La selezione clonale è un importante processo immunologico che determina quali linfociti B e T, tipi di globuli bianchi, verranno prodotti in grandi quantità. È attraverso questo processo che il nostro corpo combatte gli antigeni, sostanze che considera dannose per lui. Niels Jerne, un immunologo danese, fornì le basi per la teoria della selezione clonale nel 1955. Prima della teoria di Jerne, era convinzione comune che i nostri corpi fossero stimolati a produrre un anticorpo specifico quando una sostanza estranea vi entrava.
Jerne ha proposto che gli esseri umani nascano con i modelli necessari per tutti gli anticorpi che il sistema immunitario avrebbe mai avuto bisogno di produrre. L’intero repertorio immunologico di anticorpi di ogni persona viene sviluppato durante l’utero. David Talmage e F. McFarlane Burnet delinearono indipendentemente il processo di selezione clonale nel 1957.
Ogni linfocita ha un anticorpo unico sulla sua superficie. Gli anticorpi sono proteine che si legano ad antigeni dannosi per neutralizzarli. Se le cellule immature hanno recettori per l’antigene che corrispondono a uno qualsiasi dei tessuti del corpo, allora quelle particolari cellule vengono distrutte.

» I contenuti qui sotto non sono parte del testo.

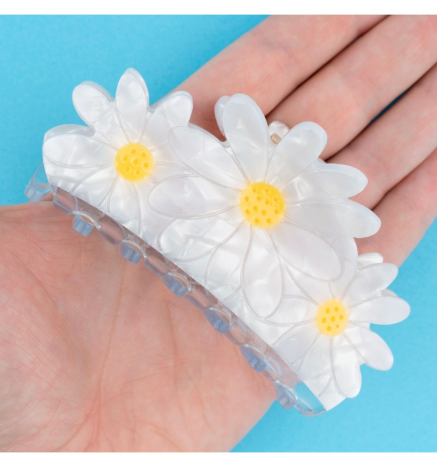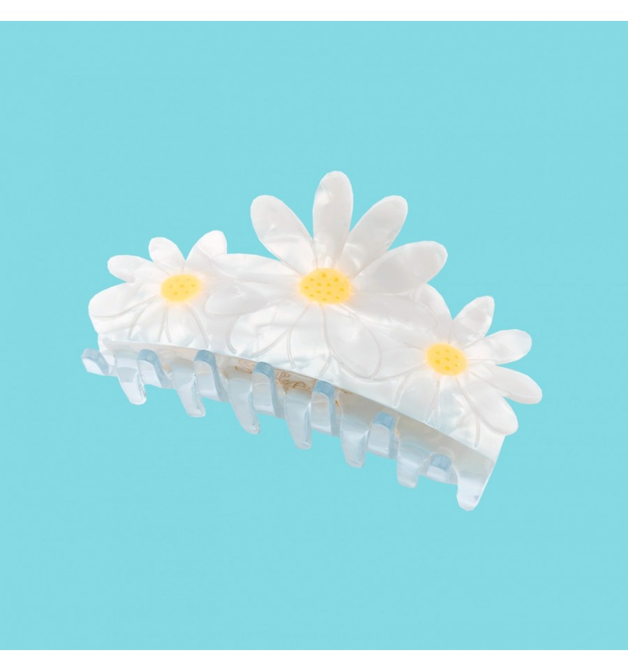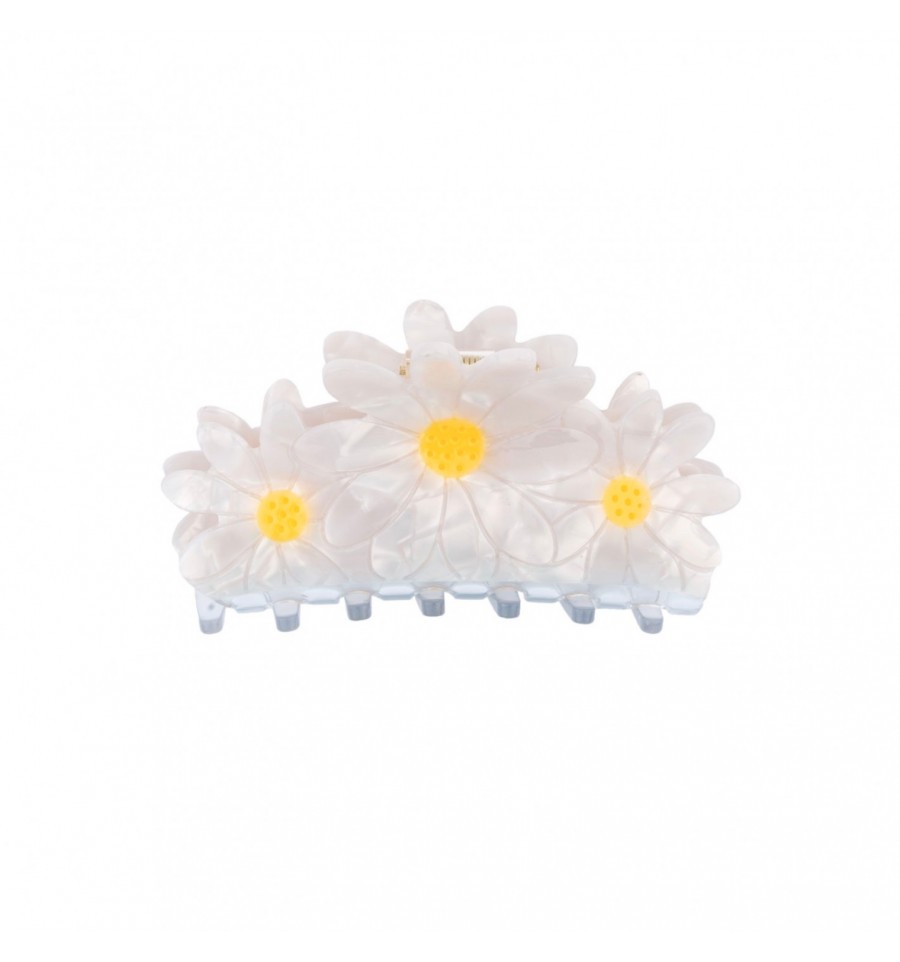 Joliment colorée de trois Pâquerettes nacrées blanches aux pistils jaunes vifs, cette pince avec ces grandes dents permet de tenir tous les cheveux même les plus rebelles !

La selezione clonale fa parte della risposta immunitaria primaria. Una risposta immunitaria primaria viene provocata quando un nuovo antigene invade il corpo. Viaggiando attraverso il sistema circolatorio, l’antigene si incontrerà inevitabilmente con il linfocita che ha il corretto pattern anticorpale.
Quando il linfocita e l’antigene si connettono, viene attivato un cambiamento chimico. Il linfocita viene attivato, facendolo moltiplicare rapidamente e creando molti cloni di se stesso. È così che il processo è stato chiamato selezione clonale. Il corpo continuerà a produrre quantità prolifiche delle cellule linfocitarie selezionate nel tentativo di inibire e prevenire l’infezione.
Durante la moltiplicazione, il linfocita crea due tipi principali di cellule: cellule effettrici e cellule di memoria. Le cellule effettrici, o linfociti B e T, sono cellule di breve durata create per una difesa immunologica immediata. Le cellule della memoria non sono attive durante la risposta immunitaria primaria, ma svolgeranno un ruolo importante durante una risposta immunitaria secondaria.
Le cellule effettrici sono cellule prodotte per svolgere una funzione specifica in risposta a uno stimolo particolare. In questo caso, le cellule vengono prodotte in risposta a un antigene specifico. Le cellule B effettori sono responsabili della produzione di anticorpi.
Le cellule T si dividono in cellule T helper e cellule citotossiche. Le cellule helper producono citochine. Le citochine sono molecole proteiche che vengono prodotte quando viene rilevato un antigene per aiutare la comunicazione da cellula a cellula e la risposta immunitaria. Le cellule T citotossiche distruggono le cellule che sono state infettate dall’antigene in questione.
Alcune delle cellule B e T create diventeranno cellule di memoria. La seconda volta che un antigene entra nel corpo innesca una risposta immunitaria secondaria. Le celle di memoria create durante la selezione clonale si riattivano e montano una risposta. Ogni volta che un sistema immunitario è esposto a un antigene, il numero di cellule di memoria create diventa sempre maggiore, riducendo così gli effetti di un antigene.